Typologies are available for training at this point:

  1. Single image super resolution network based on SRResNet architecture ("Photo-Realistic Single Image Super-Resolution Using a Generative Adversarial Network") but with reduced number of channels and depthwise convolution in the decoder
  2. Attention-Based single image super resolution network with reduced number of channels and changes in the network architecture
  3. Tiny model to upsampling scanned text images

Results

The PSNR values were calculated with Y channel from YCrCb image.

Model Set5, PSNRx3, dB Set5, PSNRx4, dB
SmallModel 33.15 31.16

Setup

Prerequisites

  • Ubuntu* 16.04 or higher
  • OpenVINO™ 2019 R1 or higher
  • Python* 3

Installation

  1. Create virtual environment:

    virtualenv venv -p python3 --prompt="(sr)"
  2. Activate virtual environment and setup OpenVINO™ variables:

    . venv/bin/activate
    . /opt/intel/openvino/bin/setupvars.sh

    TIP: Good practice is adding . /opt/intel/openvino/bin/setupvars.sh to the end of the venv/bin/activate.

    echo ". /opt/intel/openvino/bin/setupvars.sh" >> venv/bin/activate
    
  3. Install the module

    pip3 install -e .

Train and Evaluate

Prepare Dataset

Create two directories for train and test images. Train images may have any resolution higher than path_size. Validation images should have the resolution like the path_size.

./data
├── train
│   ├── 000000.png
│   ...
└── val
    ├── 000000.png
    ...

Training

Use the tools/train.py script to start the training process:

python3 tools/train.py --config configs/smallmodel_scale4.yaml

To start from a pretrained checkpoint, set init_checkpoint in config.

Testing

Use the tools/test.py script to evaluate the trained model.

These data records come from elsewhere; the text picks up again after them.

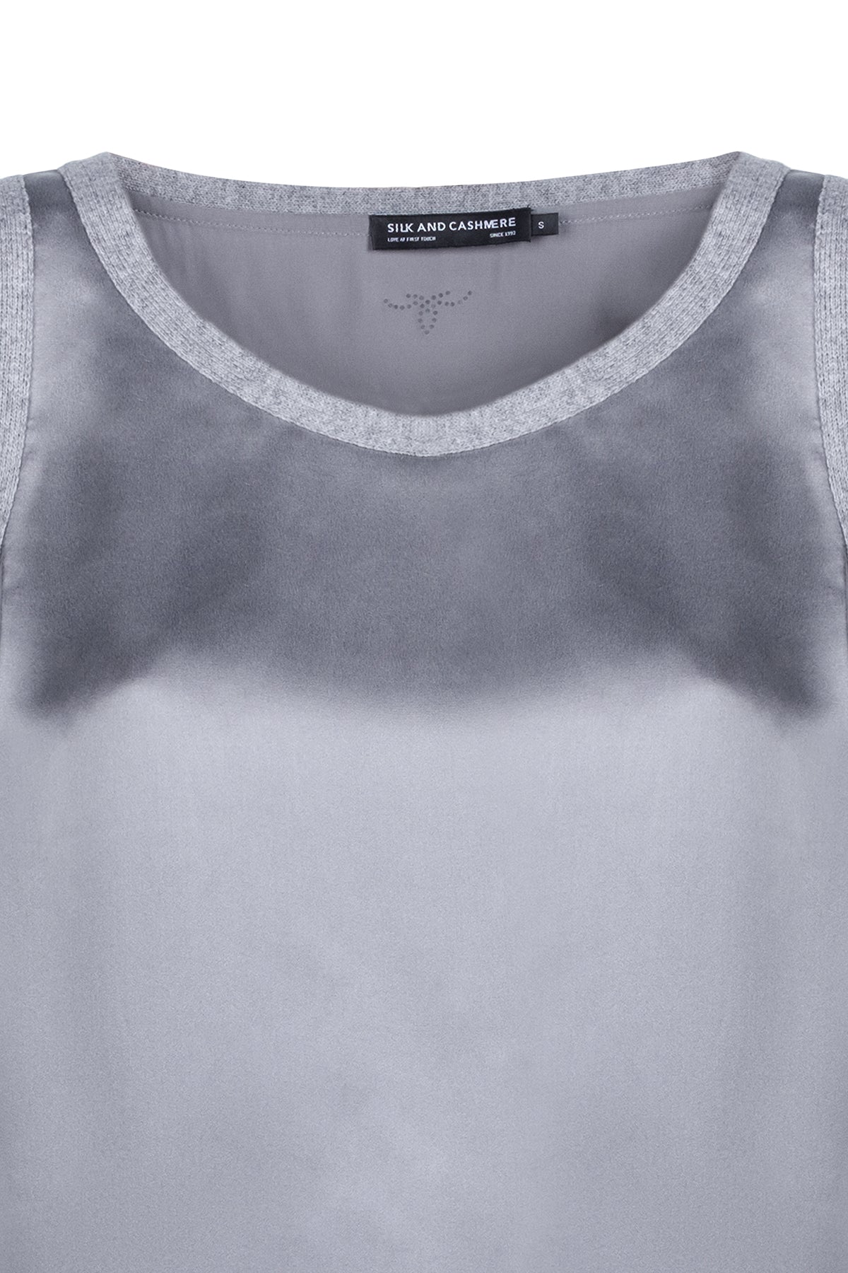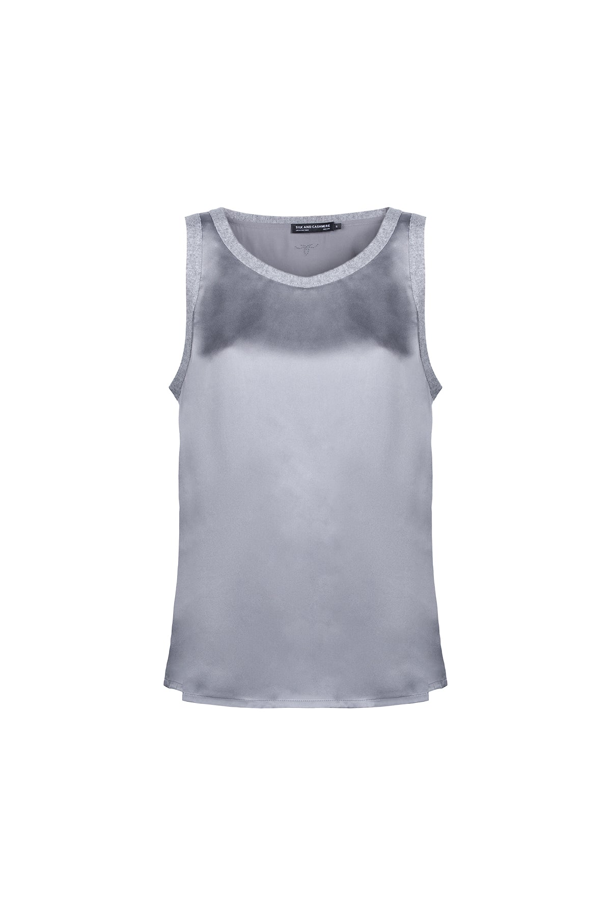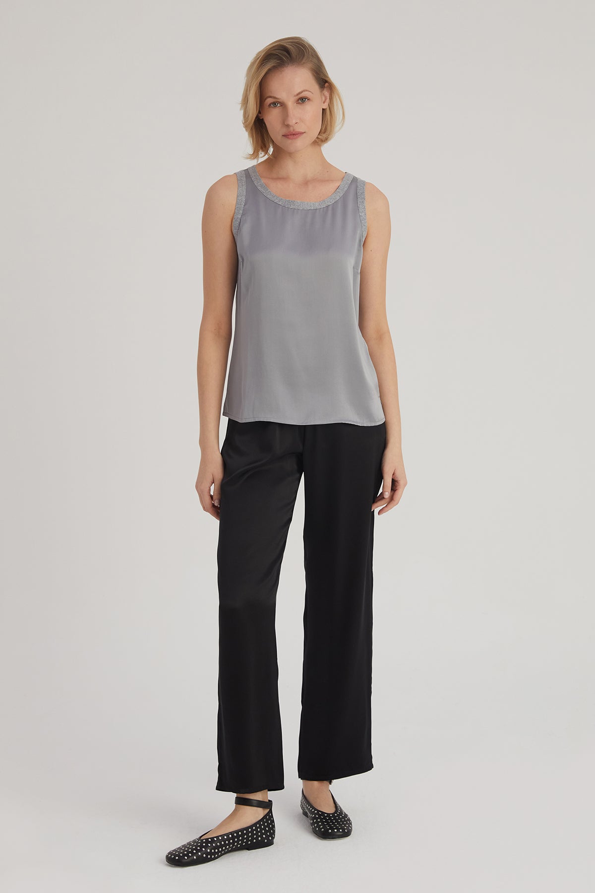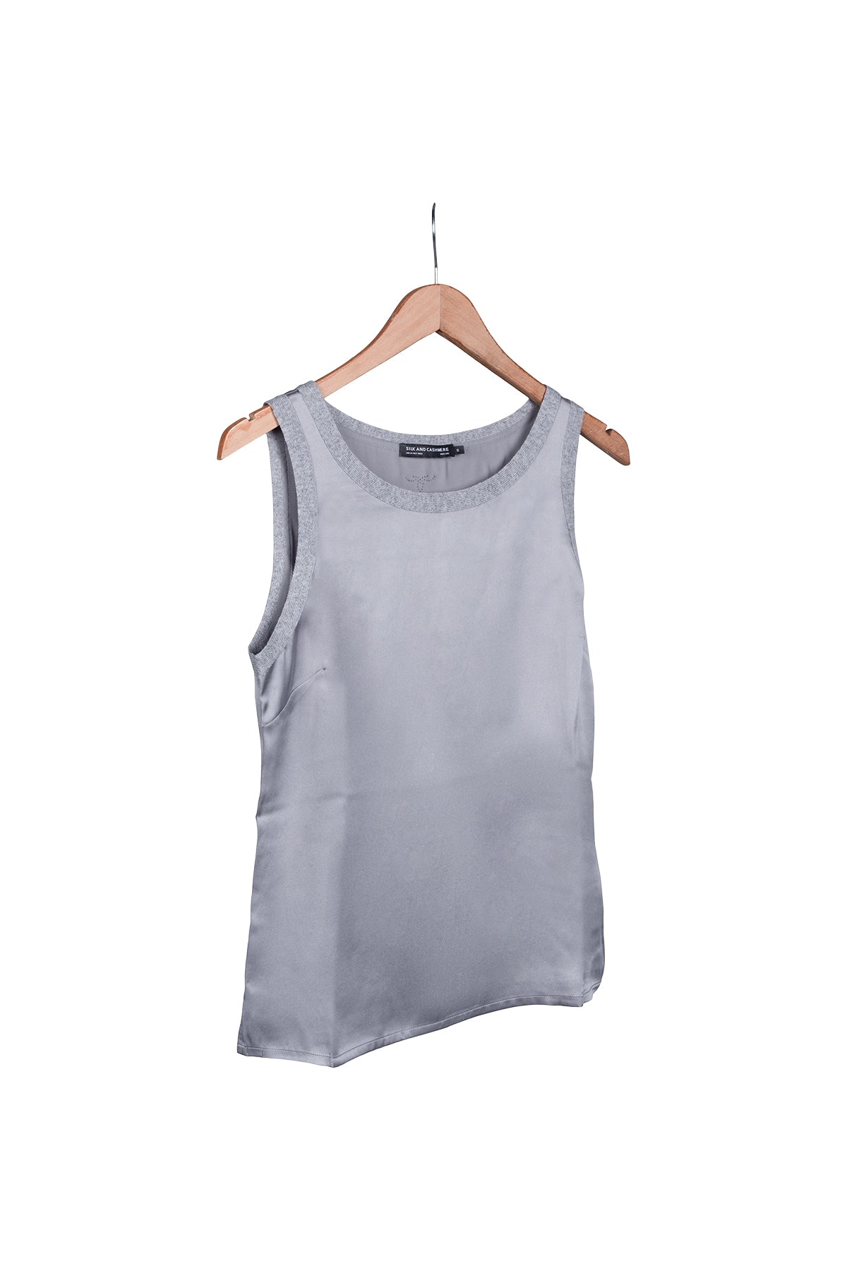Gri Knit Border İpekli Yuvarlak Yaka Kolsuz Bluz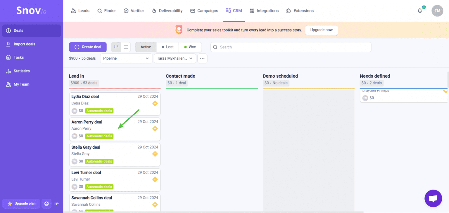 Minha recomendação é otimizar todo o fluxo usando ferramentas de automação. Essa abordagem economiza muitas horas de trabalho repetitivo e também garante mais precisão. Com a ferramenta de geração de leads do LinkedIn da Snov.io, você consegue: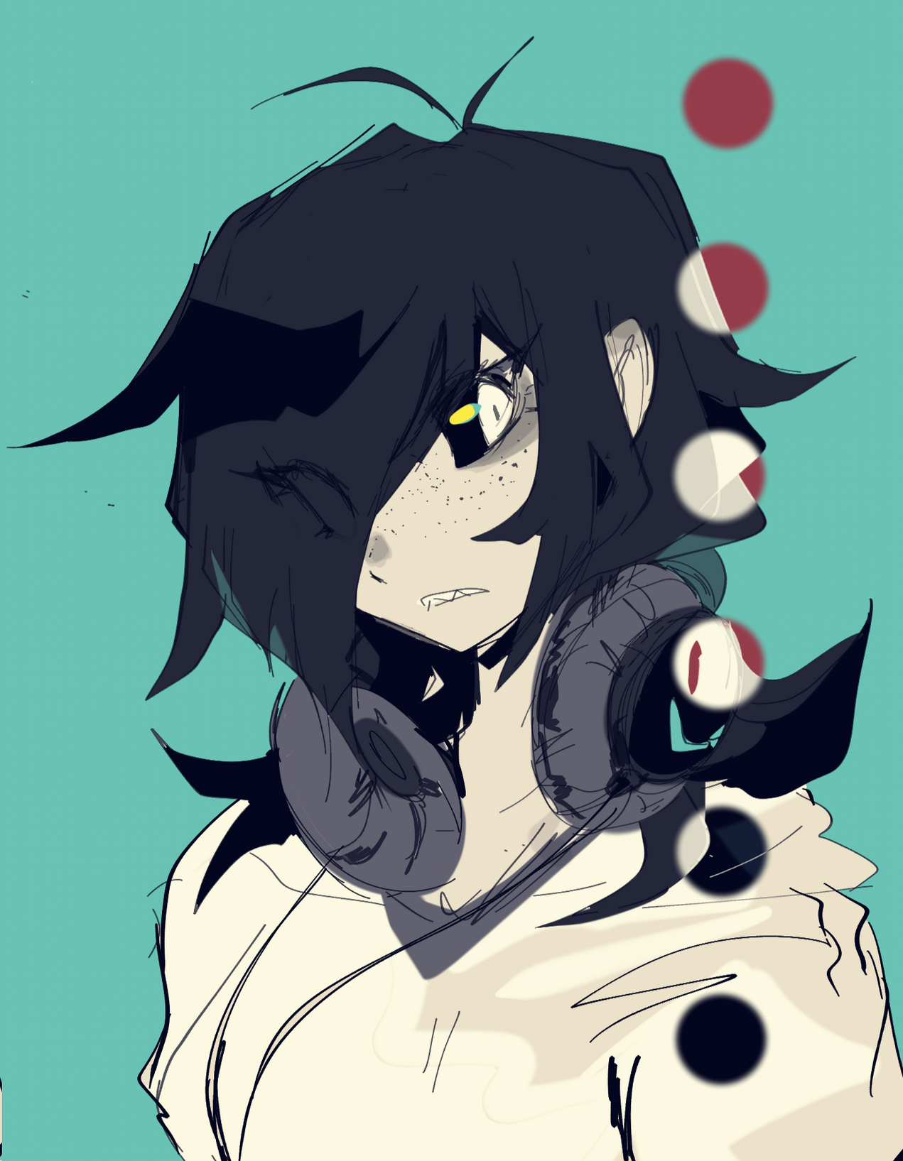 Ash is a fairly run-of-the-mill college dropout possessed by an ageless, voracious demon. The circumstances of their meeting was nothing short of coincidence, but they have since become inseparable. The demon, who Ash had come to call "Soot", was initially hell-bent on consuming the bodies and souls of the kind that damned him, but found itself enamored by the humans' culinary mastery. Residing latent and relatively passive within the girl's body, it feeds off her life force in exchange for morphing and enhancing her physical traits; a fair trade in Soot's eyes, though Ash finds its meddling more inconvenient than anything.

python3 tools/test.py --test_data_path PATH_TO_TEST_DATA \
    --models_path PATH_TO_MODELS_PATH \
    --exp_name EXPERIMENT_NAME

Export to OpenVINO™

python3 tools/export.py --models_path PATH_TO_MODELS_PATH \
    --exp_name EXPERIMENT_NAME \
    --input_size 200 200 \
    --data_type FP32

Demo

For the Latest Checkpoint

python3 tools/infer.py --model PATH_TO_CHECKPOINT \
    --scale 4 \
    image_path

For Intermediate Representation (IR)

python3 tools/infer_ie.py --model <PATH_TO_IR_XML> \
    image_path

C++ demo

Know Issues

A network cannot be reshaped after conversation to the IR. Set the input_size when running tools/export.py.